👉 Try the demo:
https://github.com/LM-Kit/lm-kit-net-samples/tree/main/console_net/invoice_data_extraction
Invoice Data Extraction for C# .NET Applications (Images and PDFs)
🎯 Purpose of the Sample
The Invoice Data Extraction demo shows how to use the LM-Kit.NET SDK to extract structured invoice fields from invoice documents, including images and PDF files.
It combines a vision-language model with an OCR engine to improve reliability, then applies a JSON schema to extract consistent structured outputs that are easy to integrate into accounting, ERP, and automation pipelines.
👥 Industry Target Audience
This demo is useful for developers and businesses involved in:
- Financial services and accounting: automate invoice capture to reduce manual entry and errors.
- Enterprise software development: integrate structured invoice extraction into internal tools and platforms.
- Supply chain and logistics: process invoices quickly across languages and formats.
- Intelligent automation solutions: enable autonomous invoice processing with structured outputs.
🚀 Problem Solved
Manual invoice data extraction is slow, costly, and error-prone, especially when invoices arrive as scans, photos, or PDFs and may contain multiple languages.
This demo automates the workflow:
- OCR + vision model understand the document content
- A JSON schema defines what fields to extract
- The output is returned as both individual fields and a JSON payload
💻 Sample Application Description
The Invoice Data Extraction demo is a console app that:
Lets you select a vision-language model (or enter a custom model URI)
Downloads and loads the model with progress feedback
Loads extraction fields from
schema.jsonAttaches an OCR engine (Tesseract) with:
- language detection
- orientation detection
- automatic model download
Prompts you to select a sample invoice (or enter a custom document path)

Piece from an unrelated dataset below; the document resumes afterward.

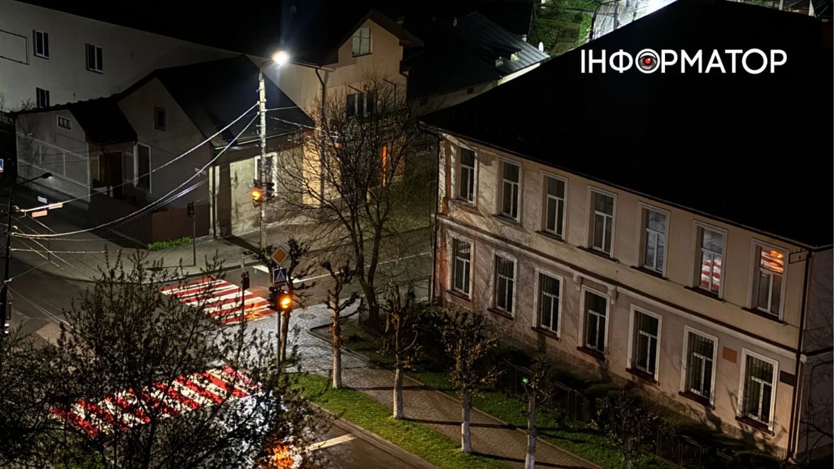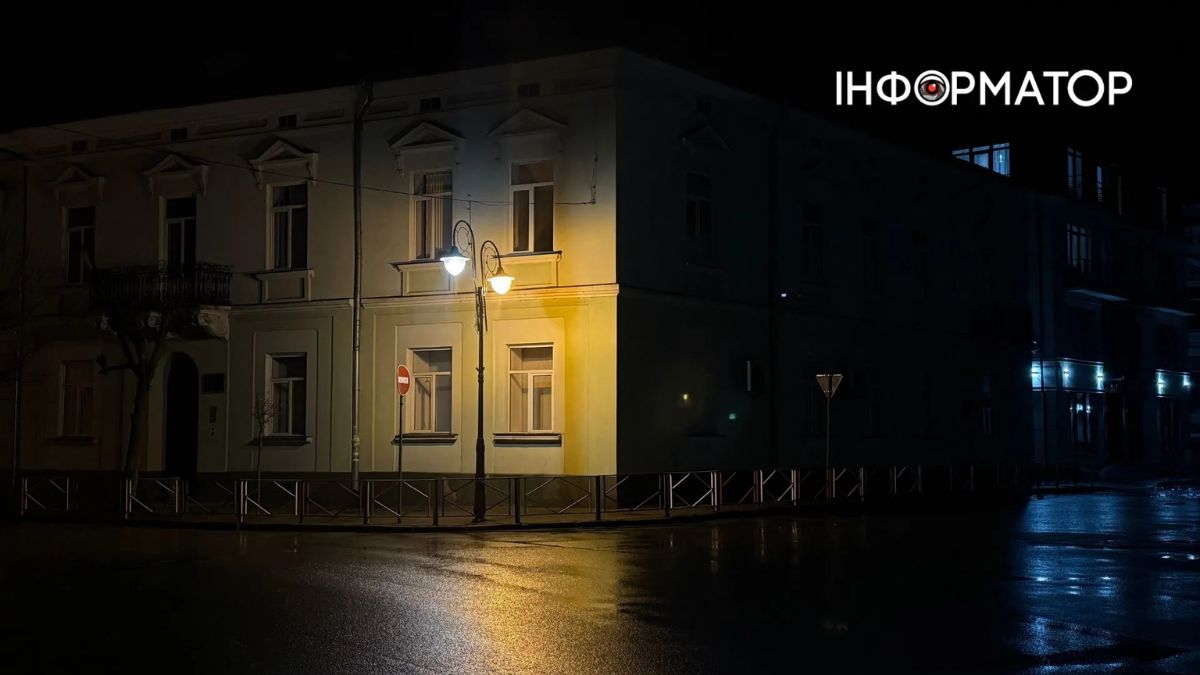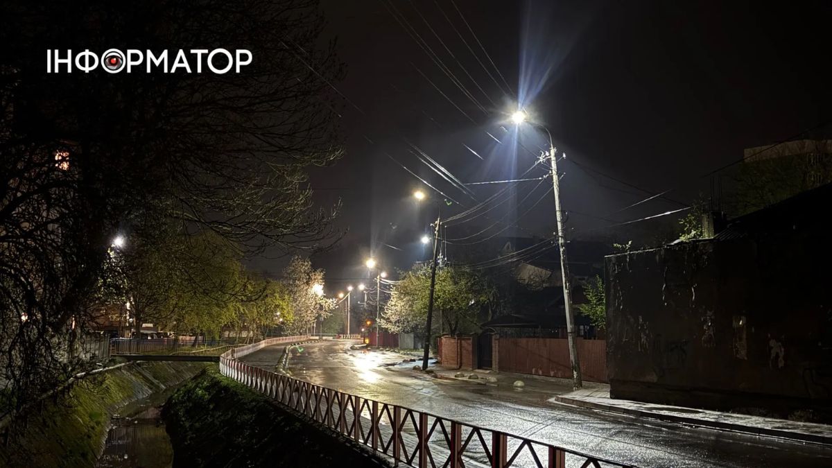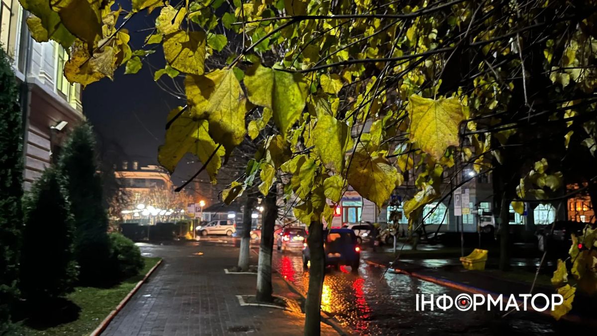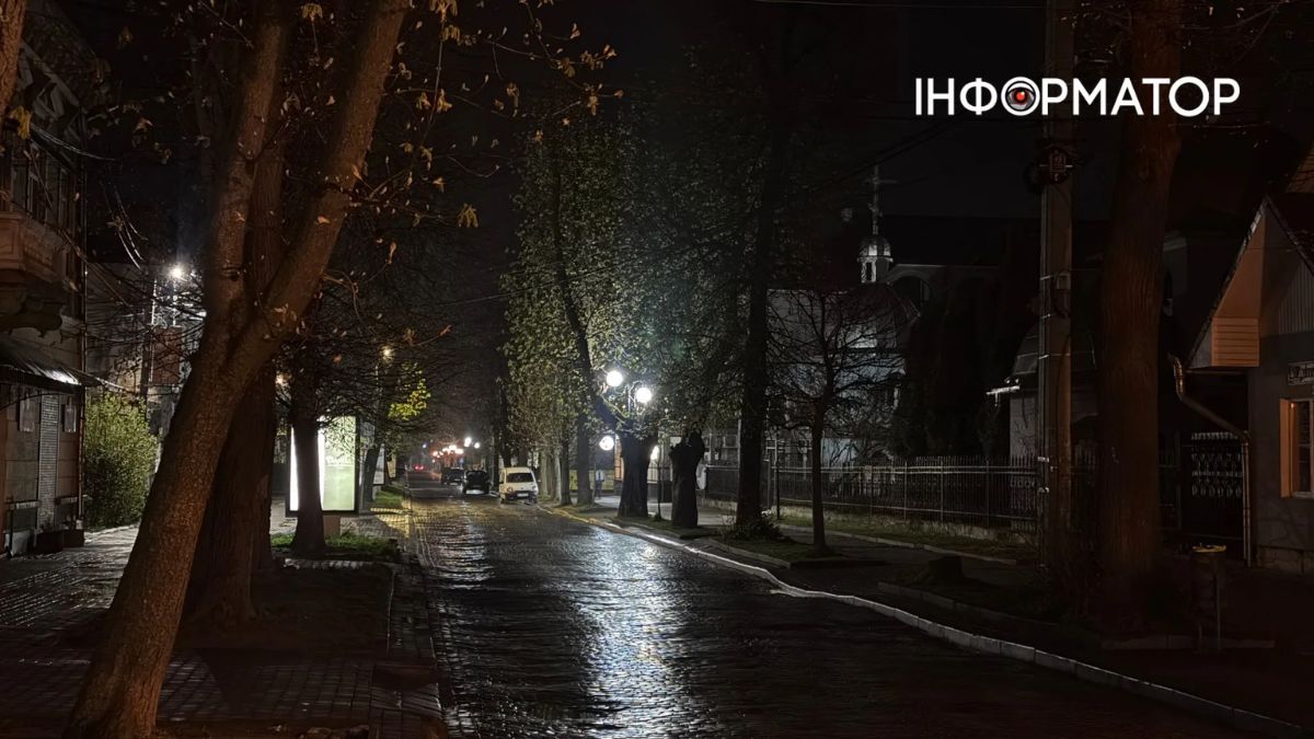 У світлі нічних вуличних ліхтарів архітектура, дерева та дороги міста виглядають особливо атмосферними, додаючи тепла навіть прохолодному вечору.
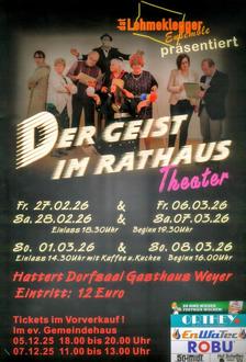 Das Hatterter Lehmeklegger Ensemble präsentiert wieder großes Theater. Bitte beachten Sie, der Kartenvorverkauf findet im ehemaligen Ev. Gemeindehaus dem jetzigen Gemeindezentrum in der Hütterstr. Nr. 9 neben dem Kindergarten am Freitag, den 5. Dezember 2025 von 18.00 bis 20.00 Uhr und am Sonntag, den 7. Dezember 2025 von 11.00 bis 13.00 Uhr statt.

Extracts structured fields and prints:
- extracted values per field
- a full JSON output
- total processing time
✨ Key Features
- Flexible model selection: choose from predefined vision-language models, or provide a custom URI.
- Real-time progress indicators: model downloading and loading progress in the console.
- Schema-driven extraction: extraction fields defined via
schema.jsonand loaded usingSetElementsFromJsonSchema. - OCR boost with Tesseract: improves extraction accuracy with language and orientation detection.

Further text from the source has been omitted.